US Feds say they have unlocked iPhone
By Ross Todd, From The Recorder
SAN FRANCISCO — Federal prosecutors on Monday told a judge that investigators have successfully accessed data stored on an iPhone used by one of the San Bernardino shooters.
The filing presumably brings to an end the legal showdown between the government and Apple Inc. over access to the work phone used by Sayed Rizwan Farook. An Apple spokesman didn’t immediately respond to an email seeking comment.
The government on Monday asked U.S. Magistrate Judge Sheri Pym of the Central District of California to vacate an order she issued under the All Writs Act in February compelling the company to help investigators bypass security features on the phone.
In a statement, an Apple spokesman said the case “should never have been brought.”

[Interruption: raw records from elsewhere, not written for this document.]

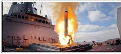
अधिकारी इस कार्यक्रम को पांच वर्षों में लगभग 12000 मिसाइलों की आपूर्ति के लिए अतिरिक्त धन की मांग कर रहे हैं

वाशिंगटन। अमेरिका ने कई संघर्षों में हथियारों के भारी इस्तेमाल के बाद गंभीर रूप से घट रहे मिसाइल भंडार को फिर से भरने के लिए व्यापक पहल की शुरुआत की है जिसके तहत 10000 से अधिक सस्ते कूज मिसाइलों और लगभग 12000 सस्ते हाइप-सोनिक हथियार हासिल करने के प्रयासों की घोषणा की गई है। इस योजना की घोषणा ऐसे समय में की गई है, जब यूक्रेन और इजरायल को बड़े पैमाने पर सैन्य सहायता देने के साथ-साथ 2025 और 2026 में ईरान में प्रत्यक्ष सैन्य अभियान चलाने के बाद अमेरिकी सैन्य आपूर्ति बहुत कम हो गई है। युद्ध विभाग के अनुसार, 'लो-कॉस्ट कंटेनरिज्ड मिसाइल्स' (एलसीसीएम) नामक एक नए कार्यक्रम के तहत एंडुरिल इंडस्ट्रीज, लेइदास, कोएस्पायर और जून 5 टेक्नोलॉजीज के साथ रूपरेखा समझौते पर हस्ताक्षर किए गए हैं। युद्ध विभाग ने हालांकि इस बारे में बहुत कम तकनीकी विवरण दिए हैं कि 'कंटेनरिज्ड' मिसाइलों का वास्तव में क्या अर्थ है, लेकिन एंडुरिल द्वारा जारी सूचना के अनुसार इन मिसाइलों की शिपिंग कंटेनरों जैसे दिखने वाले बक्सों से लॉन्च करते हुए दिखाया गया है। इस सूचना ने व्यापक ध्यान आकर्षित किया है क्योंकि ऐसे प्रणालियों को सैद्धांतिक रूप से नागरिक मालवाहक जहाजों पर छिपाया जा सकता है या पारंपरिक सैन्य बुनियादी ढांचे के बिना तेजी से तैनात किया जा सकता है। एक अलग समझौते में, युद्ध विभाग ने अगले दो वर्षों में कम से कम 500 ब्लैकबियर्ड हाइपरसोनिक मिसाइलों की खरीद के लिए अर्ध-अप स्टैलियन के साथ एक सौदे की
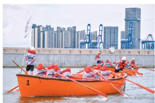
6月24日,在海南省第一届海员技能大比武现场,参赛选手进行水上操艇比赛。

本报6月24日讯(记者陈晓洁 通讯员张茜 石俊 吕东星 方旭霞摄影报道)6月25日是第14个“世界海员日”。记者从海南海事局获悉,6月24日,以“建功自贸港 奋进新征程”为主题的海南省第一届海员技能大比武在海口火热开赛,来自全省航海院校和航运公司的9支队伍90名选手同场竞技,比拼技能,展示风采。
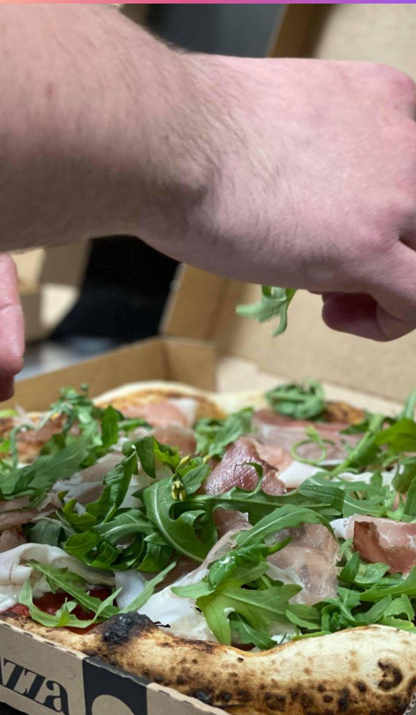
Suprême Pizza à Renaison
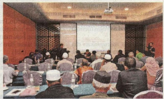
Untuk memperkasakan gerakan koperasi, Angkasa menganjurkan pelbagai program demi kebaikan mereka.
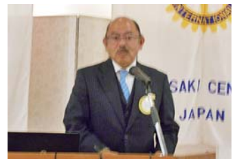
石橋ロータリー情報委員長 ニコニコ、財団、米山等の案内
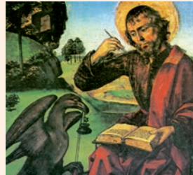
Sant Joan Evangelista (Fragment del seu evangeli aquest diumenge). Pintura de Berruguete, Capella Reial (Granada)

Anuncia su palabra a Jacob, / sus decretos y mandatos a Israel; / con ninguna nación obró así, / ni les dio a conocer sus mandatos. R.
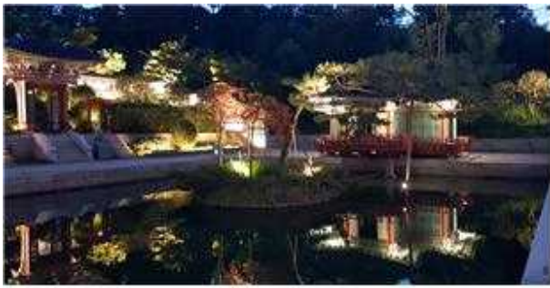
국가정원 연못 조명

“From the beginning, we objected to the FBI’s demand that Apple build a backdoor into the iPhone because we believed it was wrong and would set a dangerous precedent,” the company stated. “As a result of the government’s dismissal, neither of these occurred.”
Federal prosecutors and the company’s lawyers at Gibson, Dunn & Crutcher and ZwillGen had sparred in court filings over the past month in preparation for a March 22 hearing on the company’s motion to vacate Pym’s order. That hearing was called off this past Monday—less that 24 hours before it had been scheduled to take place—after prosecutors indicated that an unidentified third party had come forward to show the FBI “a possible method for unlocking” Farook’s work iPhone.
Monday’s filing indicates that the government had succeed in accessing the data and “therefore no longer requires the assistance from Apple.”